Expression levels of 96 arbitrarily chosen proteins, and the correlation of expression with activity. (A) Proteins were expressed using auto-induction media, and cell lysates were analyzed by SDS-PAGE. Expression is detected by the presence of a strong band at the bottom of each gel (MW 12 kD), as indicated by the arrow. Each lane shows a different protein sample. The first lane in the top row is buffer, and the second lane shows cells harboring the empty vector showing background expression of endogenous E. coli proteins. (B) The correlation of expression and activity. The top row in each chart shows a graphic representation of the protein gels. A single asterisk (*) represents proteins that express at moderate levels and two asterisks (**) represent proteins that express at high levels. The second row shows the heme binding. Pink represents proteins that bind heme and red represents proteins with high heme binding. The third row shows the peroxidase data with light teal boxes representing proteins that have activity above background and dark teal boxes representing proteins having activity two-fold above background. The fourth row and fifth row shows esterase and lipase data, respectively, where shaded boxes indicate proteins that have activity above background. Vertical columns of colored boxes indicate a given protein exhibits several different activities.

Figure 6

Sequences of proteins chosen for purification and biochemical characterization. Top: Design template for 2nd generation proteins and the amino acid sequences of S824 and S836. Bottom: Design template for 3rd generation proteins and the amino acid sequences of WA20, WA32, T-C8 and T-D10. The sequences follow the binary pattern design with red indicating polar residues and yellow indicating nonpolar residues.
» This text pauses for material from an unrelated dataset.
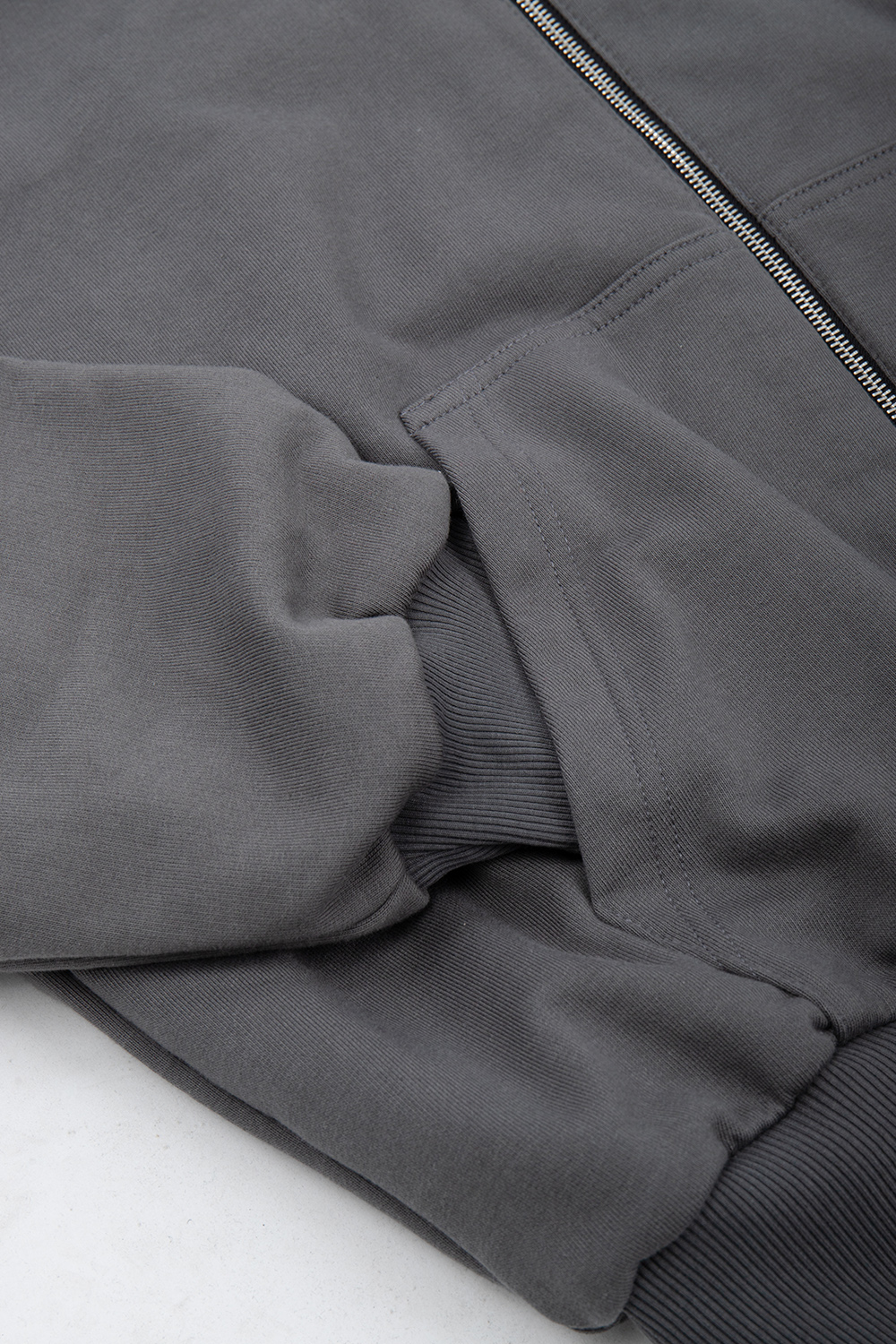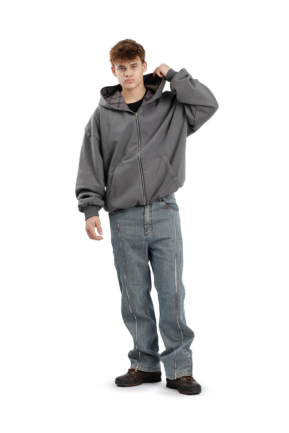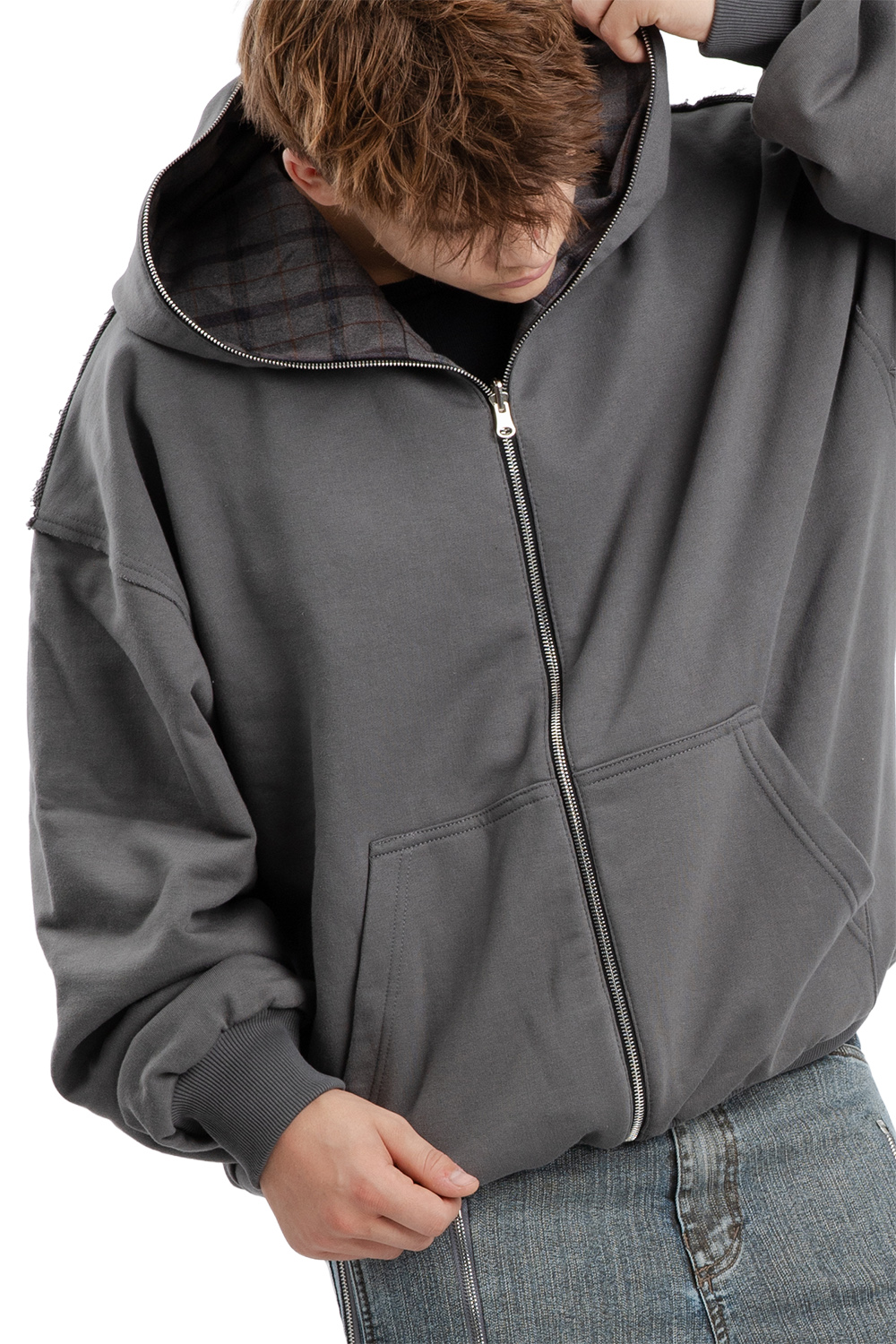 - Srebrny zamek błyskawiczny full zip sięgający po czubek kaptura

Turn sequences and charged residues or glycine residues are highlighted in blue.

Figure 7

Kinetic profiles and rate constants calculated by Michaelis-Menten kinetics: (A) Peroxidase activity showing rate of product formation (oxidized ABTS) versus substrate (H₂O₂) concentration. The negative control includes buffer + heme + ABTS. (B) Esterase activity showing rate of p-nitrophenol formation versus substrate (p-nitrophenyl acetate) concentration. (C) Lipase activity showing rate of p-nitrophenol formation versus substrate (p-nitrophenyl palmitate) concentration.